**WHAT YOU HAVE TO DO:** Reproduce the listing exactly and skip over any pictures.

BEGIN

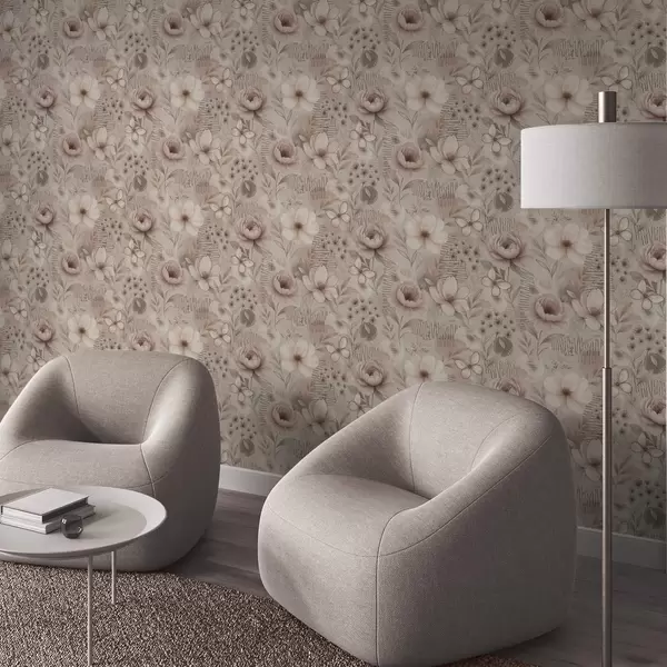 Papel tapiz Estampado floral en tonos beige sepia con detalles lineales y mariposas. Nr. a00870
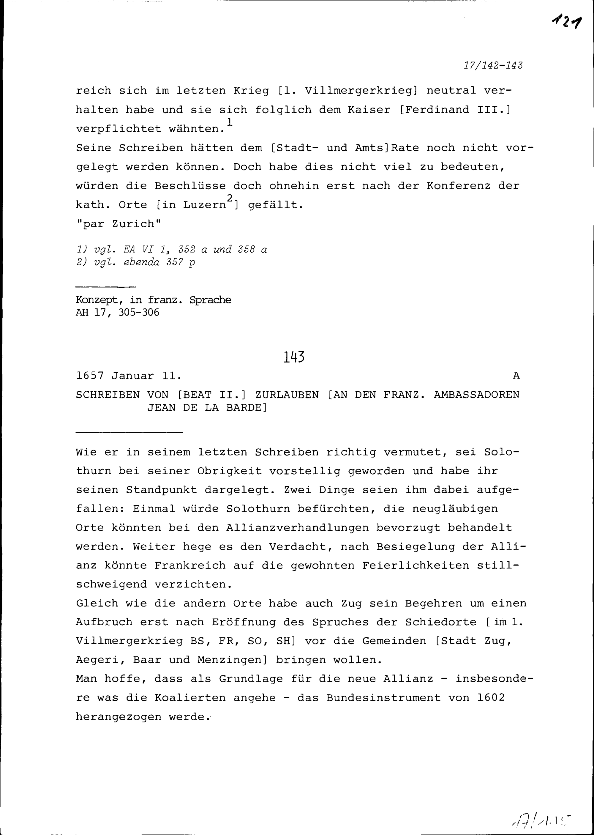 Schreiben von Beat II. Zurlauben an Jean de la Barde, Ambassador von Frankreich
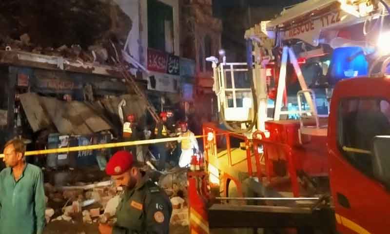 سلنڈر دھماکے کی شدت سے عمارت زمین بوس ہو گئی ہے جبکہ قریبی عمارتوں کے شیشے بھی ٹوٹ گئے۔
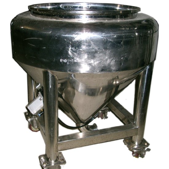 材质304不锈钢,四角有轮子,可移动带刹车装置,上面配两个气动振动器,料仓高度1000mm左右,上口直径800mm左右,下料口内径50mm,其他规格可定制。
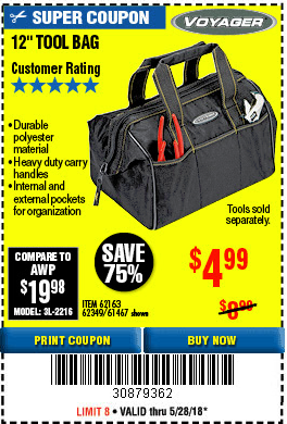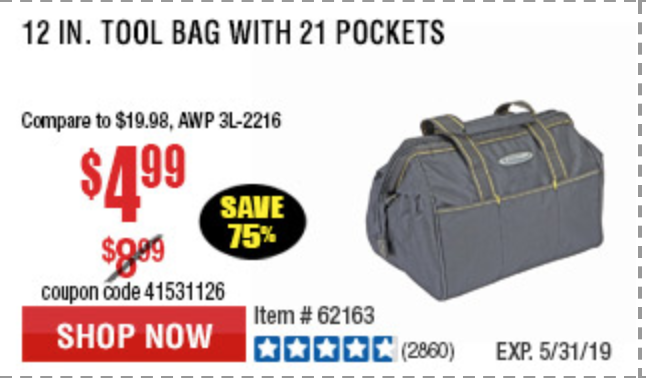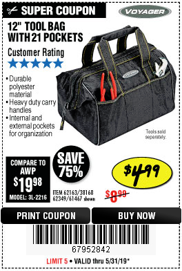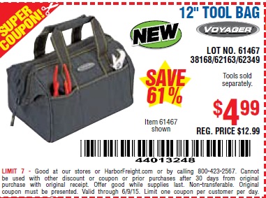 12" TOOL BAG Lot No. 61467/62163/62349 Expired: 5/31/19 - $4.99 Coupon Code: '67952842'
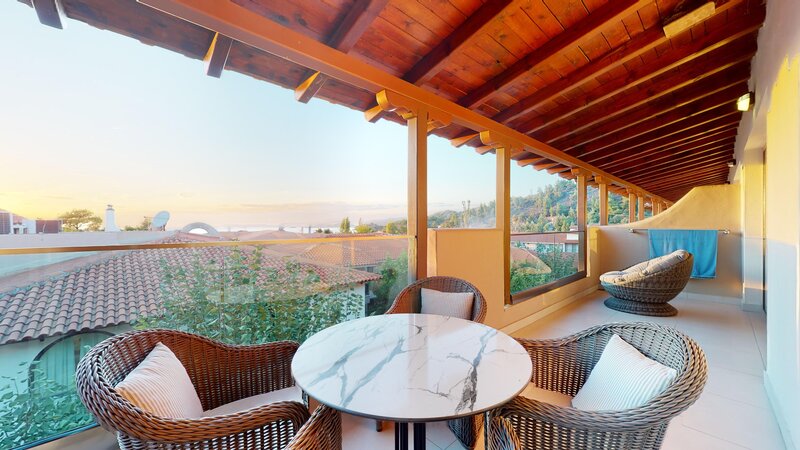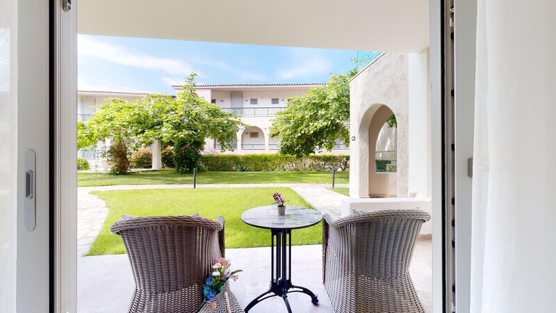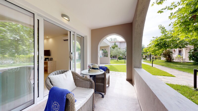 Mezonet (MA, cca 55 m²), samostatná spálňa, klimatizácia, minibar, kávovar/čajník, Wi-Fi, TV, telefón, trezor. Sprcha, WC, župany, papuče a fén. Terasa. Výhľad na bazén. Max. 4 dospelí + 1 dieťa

END

**YOUR SOLUTION:**
 Papel tapiz Estampado floral en tonos beige sepia con detalles lineales y mariposas. Nr. a00870
 Schreiben von Beat II. Zurlauben an Jean de la Barde, Ambassador von Frankreich
 سلنڈر دھماکے کی شدت سے عمارت زمین بوس ہو گئی ہے جبکہ قریبی عمارتوں کے شیشے بھی ٹوٹ گئے۔
 材质304不锈钢,四角有轮子,可移动带刹车装置,上面配两个气动振动器,料仓高度1000mm左右,上口直径800mm左右,下料口内径50mm,其他规格可定制。
 12" TOOL BAG Lot No. 61467/62163/62349 Expired: 5/31/19 - $4.99 Coupon Code: '67952842'
 Mezonet (MA, cca 55 m²), samostatná spálňa, klimatizácia, minibar, kávovar/čajník, Wi-Fi, TV, telefón, trezor. Sprcha, WC, župany, papuče a fén. Terasa. Výhľad na bazén. Max. 4 dospelí + 1 dieťa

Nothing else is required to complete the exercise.